SUPPLIED RECORDS.
=-=-=
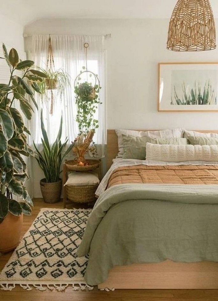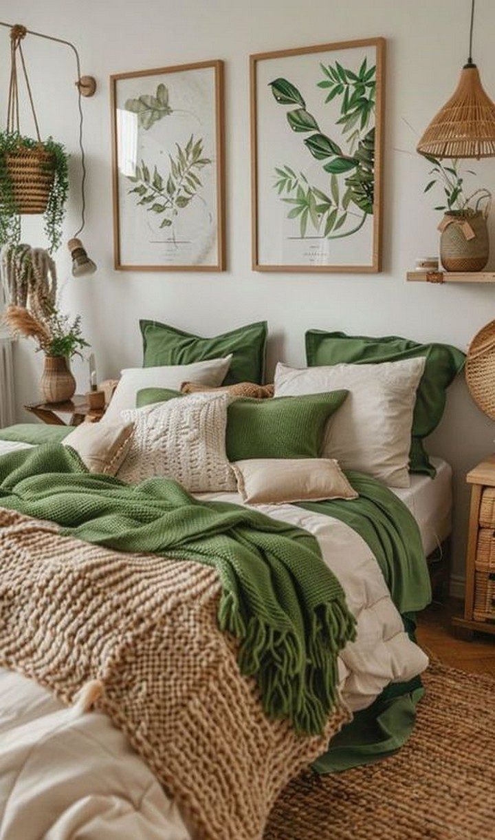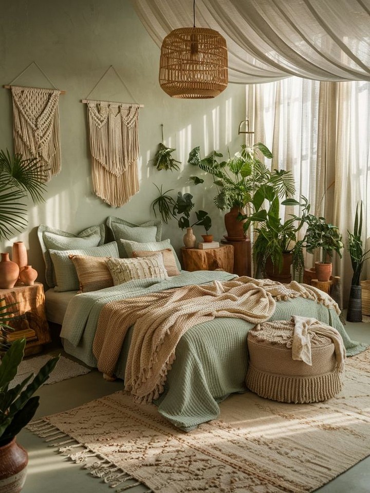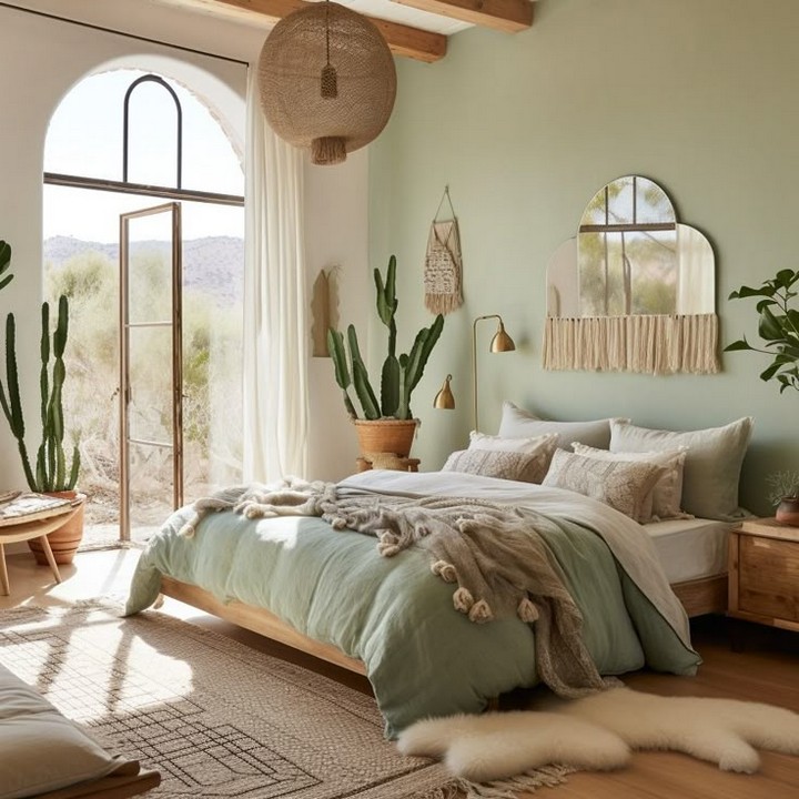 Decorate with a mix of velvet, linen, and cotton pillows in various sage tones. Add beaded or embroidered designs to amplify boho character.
=-=-=
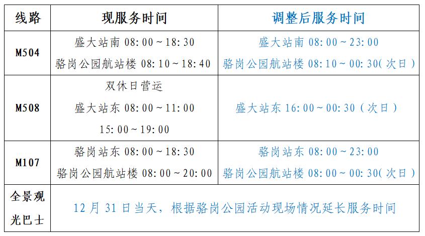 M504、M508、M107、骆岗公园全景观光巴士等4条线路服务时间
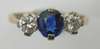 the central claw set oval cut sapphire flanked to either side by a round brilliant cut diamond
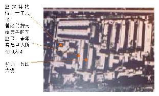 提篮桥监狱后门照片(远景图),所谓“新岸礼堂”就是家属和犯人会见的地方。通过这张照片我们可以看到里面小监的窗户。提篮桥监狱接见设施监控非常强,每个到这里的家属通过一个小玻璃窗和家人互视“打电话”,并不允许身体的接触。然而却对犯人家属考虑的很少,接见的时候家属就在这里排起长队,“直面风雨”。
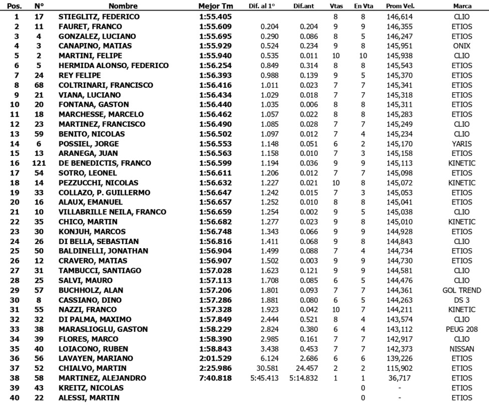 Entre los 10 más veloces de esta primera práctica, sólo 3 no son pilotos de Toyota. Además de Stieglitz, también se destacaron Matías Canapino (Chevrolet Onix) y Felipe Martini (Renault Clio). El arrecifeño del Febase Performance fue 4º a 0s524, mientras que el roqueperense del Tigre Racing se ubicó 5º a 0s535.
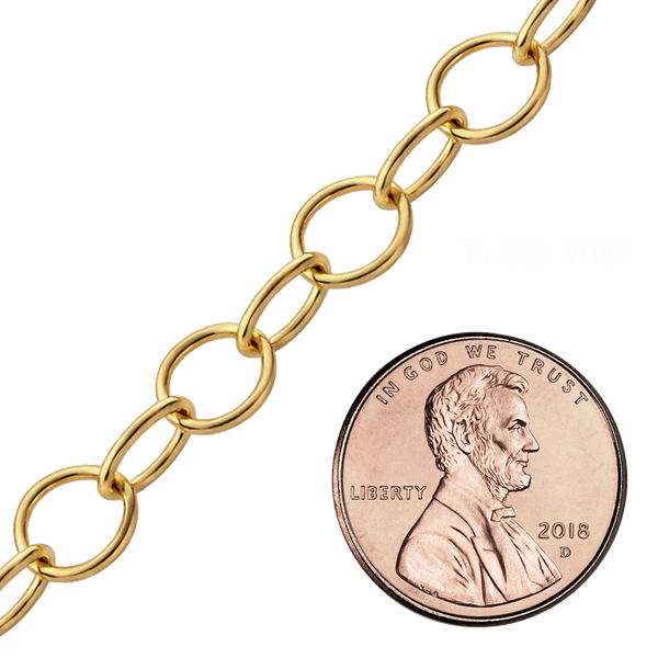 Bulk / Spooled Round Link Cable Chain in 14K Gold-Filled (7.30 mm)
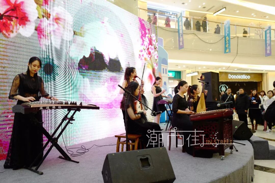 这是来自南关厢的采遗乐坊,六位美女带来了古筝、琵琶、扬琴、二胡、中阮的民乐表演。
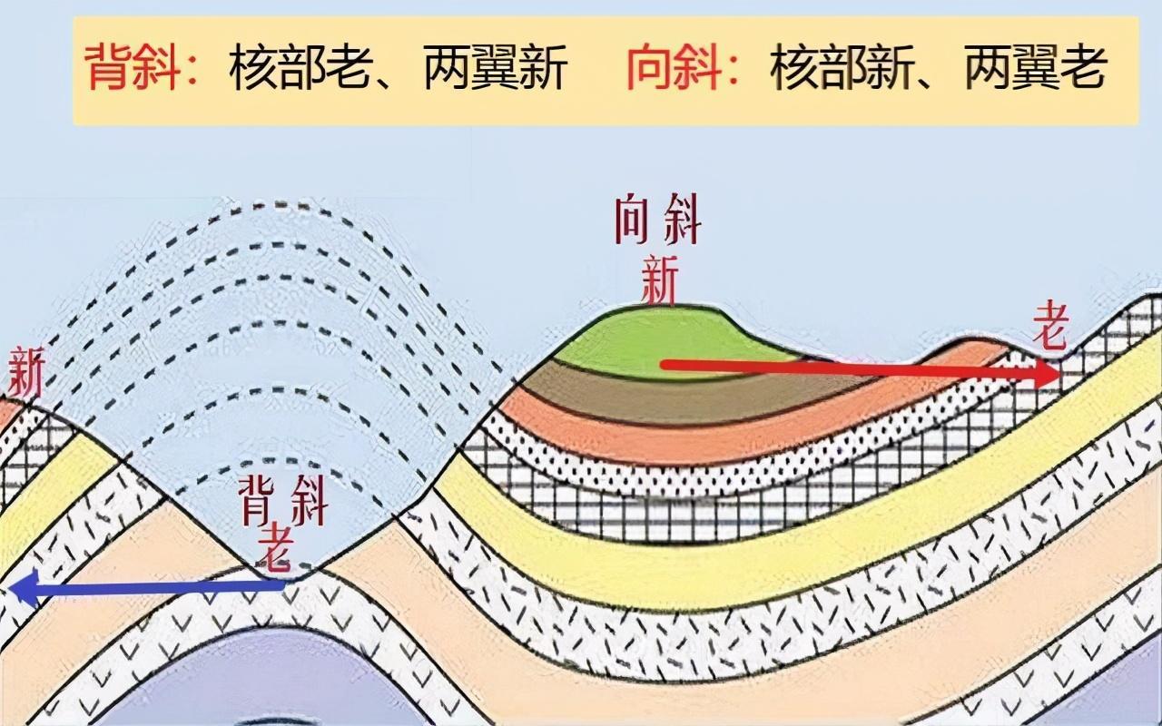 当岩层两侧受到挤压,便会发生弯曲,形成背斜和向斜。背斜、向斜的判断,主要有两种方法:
=-=-=
Give back exactly, and solely, the section of the data above bounded by the line containing "提篮桥监狱后门照片(远景图)" and the line containing "当岩层两侧受到挤压,便会发生", both bounding lines included and pictures omitted.

 提篮桥监狱后门照片(远景图),所谓“新岸礼堂”就是家属和犯人会见的地方。通过这张照片我们可以看到里面小监的窗户。提篮桥监狱接见设施监控非常强,每个到这里的家属通过一个小玻璃窗和家人互视“打电话”,并不允许身体的接触。然而却对犯人家属考虑的很少,接见的时候家属就在这里排起长队,“直面风雨”。
 Entre los 10 más veloces de esta primera práctica, sólo 3 no son pilotos de Toyota. Además de Stieglitz, también se destacaron Matías Canapino (Chevrolet Onix) y Felipe Martini (Renault Clio). El arrecifeño del Febase Performance fue 4º a 0s524, mientras que el roqueperense del Tigre Racing se ubicó 5º a 0s535.
 Bulk / Spooled Round Link Cable Chain in 14K Gold-Filled (7.30 mm)
 这是来自南关厢的采遗乐坊,六位美女带来了古筝、琵琶、扬琴、二胡、中阮的民乐表演。
 当岩层两侧受到挤压,便会发生弯曲,形成背斜和向斜。背斜、向斜的判断,主要有两种方法:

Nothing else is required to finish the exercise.